The vice president got the worst of both worlds last night in the season premiere of CBS' "Murphy Brown," the Candice Bergen sitcom he injected into the national debate last spring by complaining it glamorized unwed motherhood.
"What planet is he on?!" fumes a frazzled, showerless Murphy, hearing Quayle's remarks as she tries to cope with her restless newborn, an as-yet-unnamed son. "Look at me, Frank," she asks a colleague. "Am I glamorous?!"
"I didn't know if I could raise a kid by myself," she goes on. "I worried about what it would do to him! I worried about what it would do to me! I didn't just wake up one morning and say, `Oh, gee, I can't get in for a facial, I might as well have a baby!' "
Frank Fontana (Joe Regalbuto), her colleague on the equally fictional "FYI" TV news magazine, predicts that nobody will pay attention. Instead, Murphy finds herself immediately swamped by calls from the news media.
"Oh, jeez, what is this? A slow news day?" an exasperated Murphy says. "Tell them to go find a real story."

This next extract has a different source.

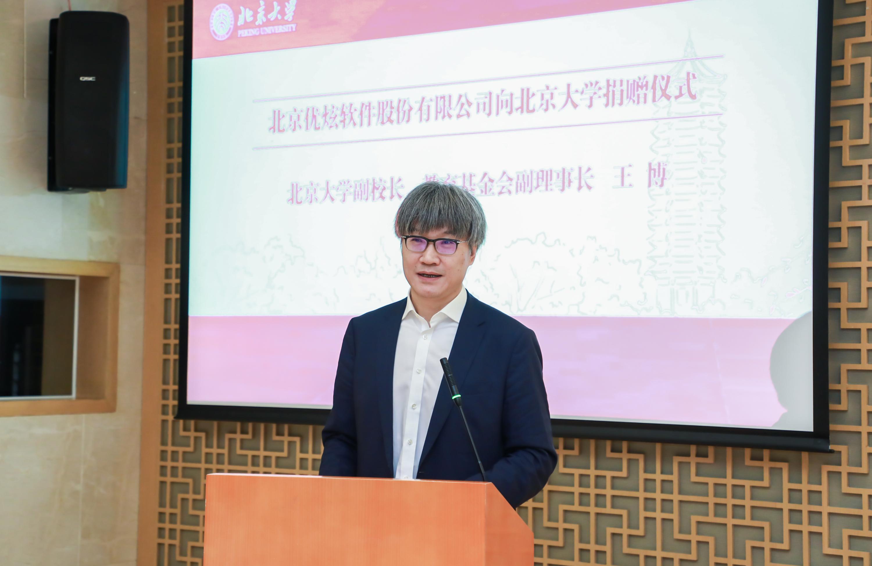 北京優(yōu)炫軟件股份有限公司董事長梁繼良校友攜家人及公司高管,王濤、耿德紅、鄒銳等嘉賓,北京大學(xué)副校長、教育基金會副理事長王博,體育教研部主任錢俊偉,校友工作辦公室副主任張向英,教育基金會秘書長李宇寧、副秘書長耿姝等共同出席。北京大學(xué)校友工作辦公室主任李文勝主持儀式。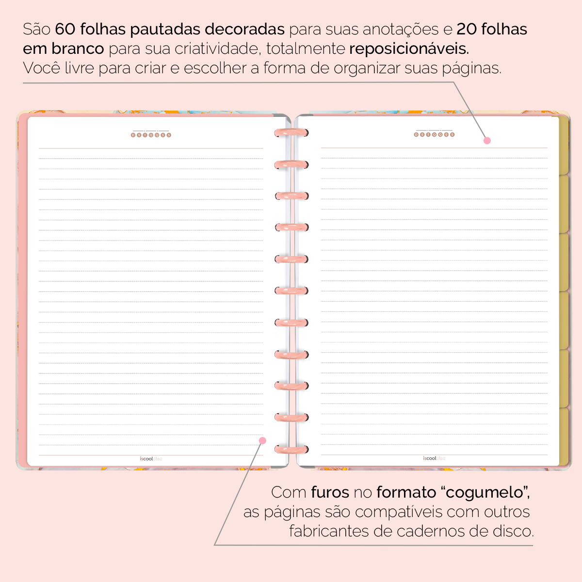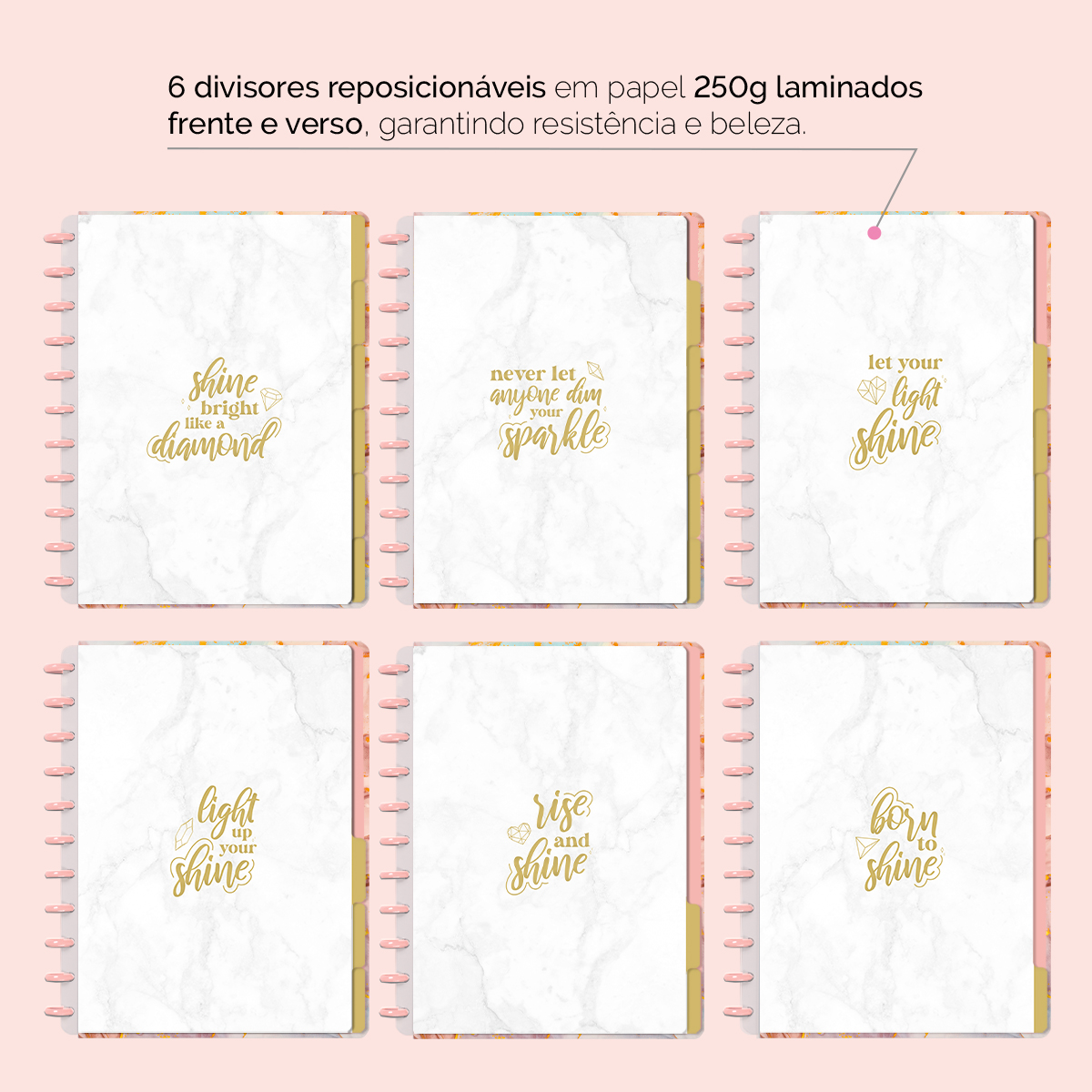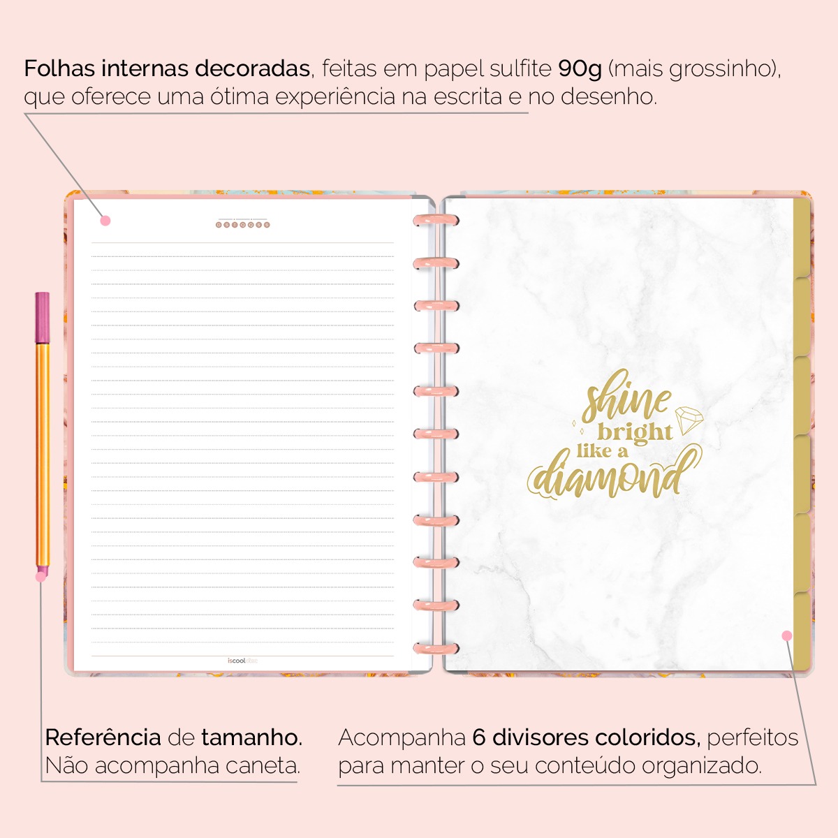 A capa é dura com impressão digital de alta definição, acompanha 6 lindas divisórias que você pode colocar em qualquer local do caderno, funcionando como o guia perfeito para sua organização.

Indeed, the news media glommed onto the Quayle-Murphy controversy almost from the moment the vice president chastised "Murphy Brown" in a May 19 speech for "mocking the importance of fathers by bearing a child alone."
Last night, Quayle watched the show - for the first time - with some single parents.
"I intend to continue to talk about traditional values. Obviously Hollywood still doesn't get it," he said afterward. He referred to the sitcom as "basically another Hollywood contribution" to Democrat Bill Clinton.
A day earlier, in a conciliatory gesture, Quayle sent the fictional baby a stuffed toy elephant and a note. The "Murphy Brown" producers gave the toy to a real child in a homeless shelter.
Meanwhile, back at the comedy, newswoman Murphy Brown reacts with aplomb to all the publicity in an on-air editorial in the fictional "FYI" broadcast.
"Some might argue that attacking my status as a single mother was nothing more than a cynical bit of election-year posturing," she says. "I prefer to give the vice president the benefit of the doubt."
She says it would be possible to blame the nation's ills on Congress, the media, the administration, or her - but that she doubts that her single motherhood has abetted the breakdown of Western civilization.
"Perhaps it's time for the vice president to expand his definition and recognize that whether by choice or circumstance, families come in all shapes and sizes," she says. "And ultimately, what really defines a family is commitment, caring and love."
Then, a mysterious man, also fictional, dumps 1,000 pounds of potatoes in Quayle's driveway.
Bergen won the Emmy for best actress in a comedy last month, and the lines she spoke reflected the words of series creator Diane English.
Whether last night's episode was "cynical election-year posturing" or further evidence that "Hollywood doesn't get it," it's almost certain to be the week's most-watched show.
As TV's third-ranked series last year, "Murphy Brown" already charges one of television's highest advertising rates: $310,000 for one 30-second spot.